- Nickname: Orlovi ('Eagles')
- Type: Informal supporters' group, Ultras
- Teams: Serbia national football team; Serbia national basketball team; Serbia men's national handball team; Serbia national water polo team; Serbia national volleyball team;
- Headquarters: Serbia

= Beli Orlovi (supporter group) =

Organized supporters of Serbian sports teams

Beli Orlovi (Бели Орлови, 'White Eagles') is the name for informal groups of organized supporters of Serbian sport teams and athletes, especially of the Serbia national football team. Besides football, they also support other sport sections of Serbia, especially basketball, water polo, volleyball, handball, tennis. The name Beli Orlovi refers to the national symbol of Serbia, the double headed white Serbian eagle.
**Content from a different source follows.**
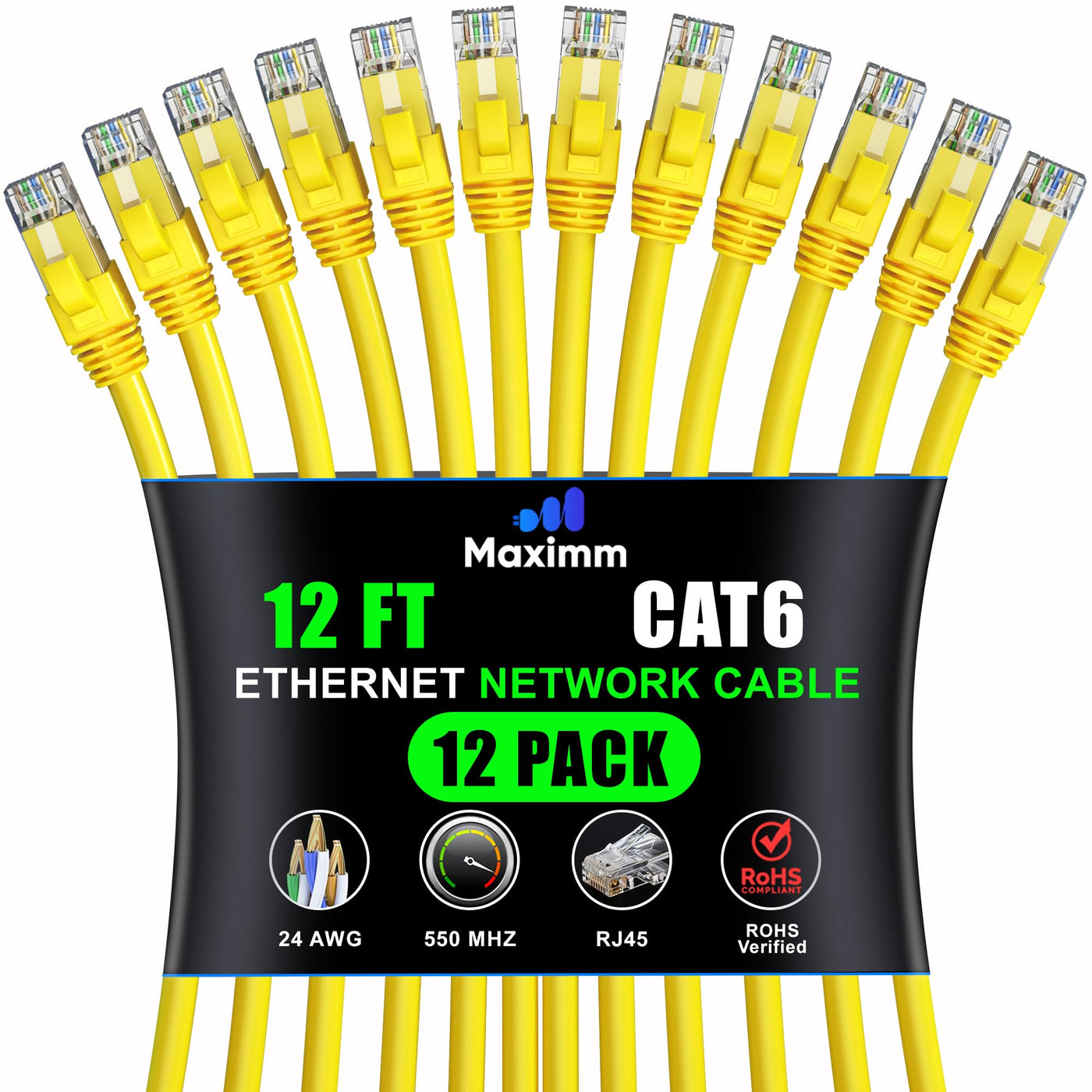 Maximm Cat 6 Ethernet Cable 12 Ft (12 Pack) High Speed Lan Cable, Internet Cable, Patch Cable, And Network Cable Utp, 10Gbps, 550Mhz Ethernet Cord Yellow

Under the Beli Orlovi gather not only the ordinary Serbian fans, but also members of all Serbian organized supporter groups such as the Delije, Grobari, Firmaši, Meraklije, Crveni Đavoli, Marinci, Plava Unija and others, as one supporter group where counts only the support of Serbia in Sport. Besides Serbia, the Beli Orlovi has also members in Montenegro, Bosnia and Herzegovina, especially in the Bosnian Serb entity Republika Srpska, and Croatia. They also have many supporters in all other former Yugoslavian republics like Macedonia and Slovenia and in the Serbian diaspora, especially in Germany, Austria, Switzerland, Sweden, the United States, Canada and Australia, as well as in the Yugoslav diaspora.